- Born: September 10, 1982 (age 43) Moldavian SSR, Soviet Union
- Allegiance: Moldova
- Branch: Moldovan National Army
- Service years: 2004–Present
- Rank: Brigadier general

= Ion Ojog =

Ion Ojog (born September 10, 1982) is a Moldovan brigadier general who serves as the Deputy Chief of the General Staff of the Moldovan National Army for Operations and Training.

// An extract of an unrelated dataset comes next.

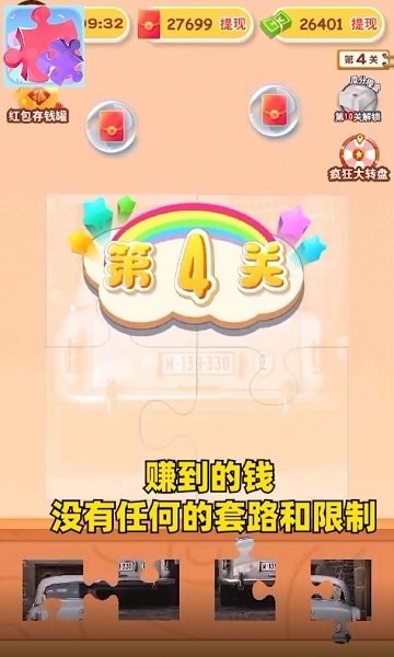 拼图大挑战红包版游戏有非常多的关卡,玩家完成游戏中的任务可以获得丰厚的红包奖励,操作很简单,上手非常容易任何玩家都可以来玩耍,游戏中的场景非常的多,快来下载

== Early life and education ==
He was born on September 10, 1982. Ojog began his military career in the Moldovan National Army in 2004 when he joined the Fulger Battalion, where he spent several years in various command positions. During this period, he studied at the Nicolae Bălcescu Land Forces Academy (2004) and the Major General Grigore Baștan Special Operations Forces Application School in Romania (2005). He also graduated from the Marine Corps Command and Staff College (CSC) at Marine Corps University in 2017. He last served as commander of the battalion from 2015-2021. Between 2021 and 2024, served as the commander of the 1st Motorized Infantry Brigade "Moldova", based in Bălți. During his leadership of the unit, he was personally accused by former president and Party of Communists leader Vladimir Voronin of overseeing a work culture which included beatings of soldiers, humiliation, unsanitary conditions, and pressure on officers, leading to their resignation.

In 2024, he transitioned to the Ministry of Defence, leading the International Cooperation Directorate from 2024 to 2026. In 2026, he began the strategic leadership postgraduate training and continuous development program at Carol I National Defence University. In June 2026, Ojog was appointed deputy chief of the general staff for operations and training. On 7 August 2026, he was promoted from the rank of Colonel to Brigadier General by decree off President Maia Sandu. This promotion was ahead of the 35th anniversary of the Independence of Moldova on August 27, the military parade in honor of which he commanded on Great National Assembly Square, Chișinău.

He is married. Outside of the Romanian language, he speaks English.